Lexical Sememe Prediction.
[Git] https://github.com/thunlp/sememe_prediction
This is the lab code of our IJCAI 2017 paper "Lexical Sememe Prediction via Word Embeddings and Matrix Factorization".
Chinese LIWC Lexicon Expansion: Online Interpretable Word Embeddings.
[Git] https://github.com/thunlp/Auto_CLIWC
This is the lab code of our AAAI 2018 paper "Chinese LIWC Lexicon Expansion via Hierarchical Classification of Word Embeddings with Sememe Attention".

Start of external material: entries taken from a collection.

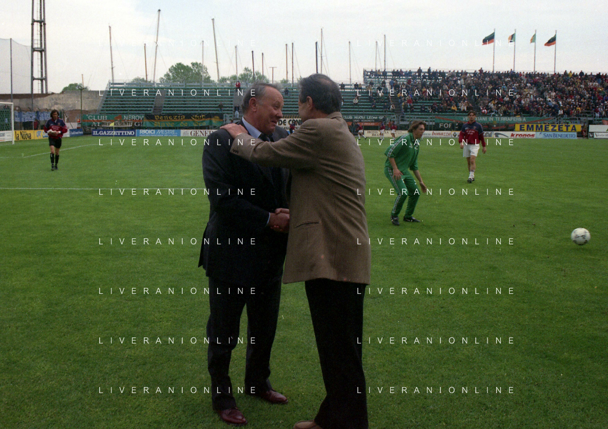 19-04-1998 VENEZIA-CAMPIONATO DI CALCIO SERIE B VENEZIA REGGIANA 2-1 NELLA FOTO FRANCO VARRELLA ALLENATORE REGGIANA CON WALTER NOVELLINO ALLENATORE VENEZIA AG ALDO LIVERANI SAS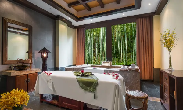 酒店地处长三角的中心地带,依山傍水。南山一隅,35000亩秀美竹海,露天温泉,千年古树见证历史轮回,万亩竹林缔造天然氧吧。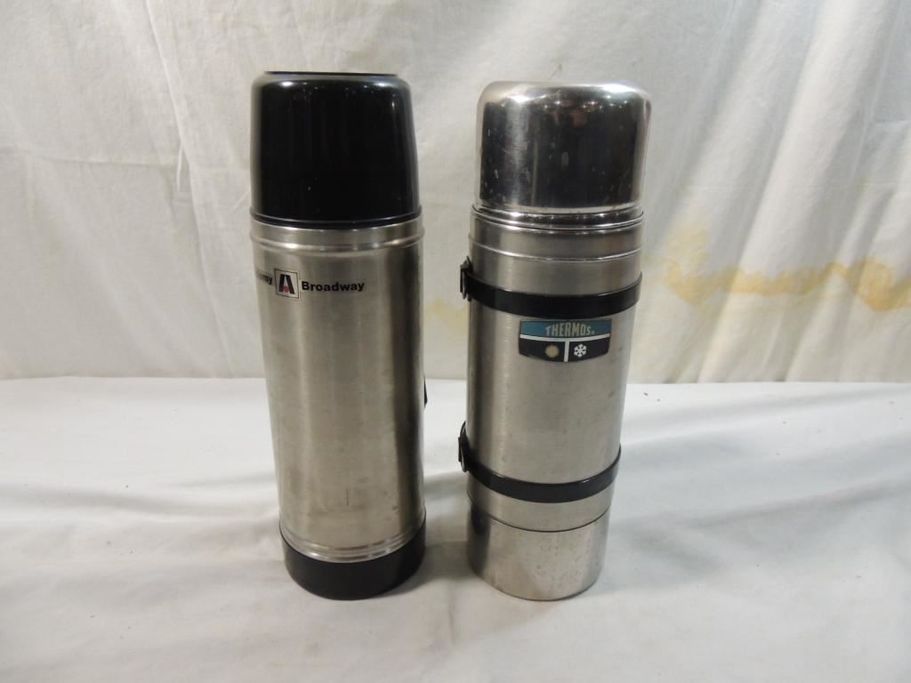 LARGE THERMOS, COFFEE, HOT COCO, SOUP, LARGE, TRAVEL, HANDLE, METAL, THERMOS AS SHOWN SEE PHOTO FOR MORE DETAILS.

Language Representation Learning

CWE: Character Word Embeddings.
[Git] https://github.com/Leonard-Xu/CWE
This is the lab code of our IJCAI 2015 paper "Joint Learning of Character and Word Embeddings". This method is expected to learn Chinese word embeddings by taking those characters within words into consideration. The analogical reasoning dataset on Chinese is available in data folder.
CLWE: Cross-Lingual Word Embeddings.
[home] http://nlp.csai.tsinghua.edu.cn/~lzy/src/acl2015_bilingual.html
This is the lab code of our ACL 2015 short paper "Learning Cross-lingual Word Embeddings via Matrix Co-factorization". This method is expected to learn cross-lingual word embeddings with a matrix co-factorization framework.
OIWE: Online Interpretable Word Embeddings.
[Git] https://github.com/SkTim/OIWE
This is the lab code of our EMNLP 2015 short paper "Online Learning of Interpretable Word Embeddings". This method is expected to learn interpretable word embeddings based on OIWE-IPG model proposed in our paper.
TWE: Topical Word Embeddings.
[Git] https://github.com/thunlp/topical_word_embeddings
This is the lab code of our AAAI 2015 paper "Topical Word Embeddings". The method is expected to perform representation learning of words with their topic assignments by latent topic models such as Latent Dirichlet Allocation.

General NLP

THUCKE: An Open-Source Package for Chinese Keyphrase Extraction.
[Git]https://github.com/thunlp/THUCKE
The package can efficiently extract Chinese keyphrases by translating from documents to keyphrases, learned by word alignment models (WAM) that we propoased in[EMNLP][CoNLL].
TensorFlow-Summarization: An Open-Source Package for Neural Headline Generation. [Git]
https://github.com/thunlp/TensorFlow-Summarization
This is an implementation of sequence-to-sequence model using a bidirectional GRU encoder and a GRU decoder. This project aims to help people start working on Abstractive Short Text Summarization immediately. And hopefully, it may also work on machine translation tasks.
THUNSC: An Open-Source Package for Neural Sentiment Classification.
[Git]https://github.com/thunlp/NSC
Neural Sentiment Classification aims to classify the sentiment in a document with neural models, which has been the state-of-the-art methods for sentiment classification. In this package, we provide our implementations of NSC, NSC+LA and NSC+UPA[Chen et al., 2016] in which user and product information is considered via attentions over different semantic levels.
THUTAG: An Open-Source Package for Keyphrase Extraction and Social Tag Suggestion. [Git]
https://github.com/thunlp/THUTag
The package contains several keyphrase extraction methods including TextRank, ExpandRank, Topical PageRank and WAM, and social tag suggestion methods including KNN, PMI, TagLDA, TAM and WTM. The package has supported one of the most popular microblog apps, Weibo Keywords, which has got more than 3.5 million registered users.
PLDA+: An Open-Source Package for Parallel LDA.
[Git] https://code.google.com/archive/p/plda/
PLDA is a parallel C++ implementation of Latent Dirichlet Allocation (LDA). We present a highly optimized parallel implemention of the Gibbs sampling algorithm for the training/inference of LDA. The carefully designed architecture is expected to support extensions of this algorithm. PLDA+, an enhanced parallel implementation of LDA, can further improve scalability of LDA by signiﬁcantly reducing the unparallelizable communication bottleneck and achieve good load balancing.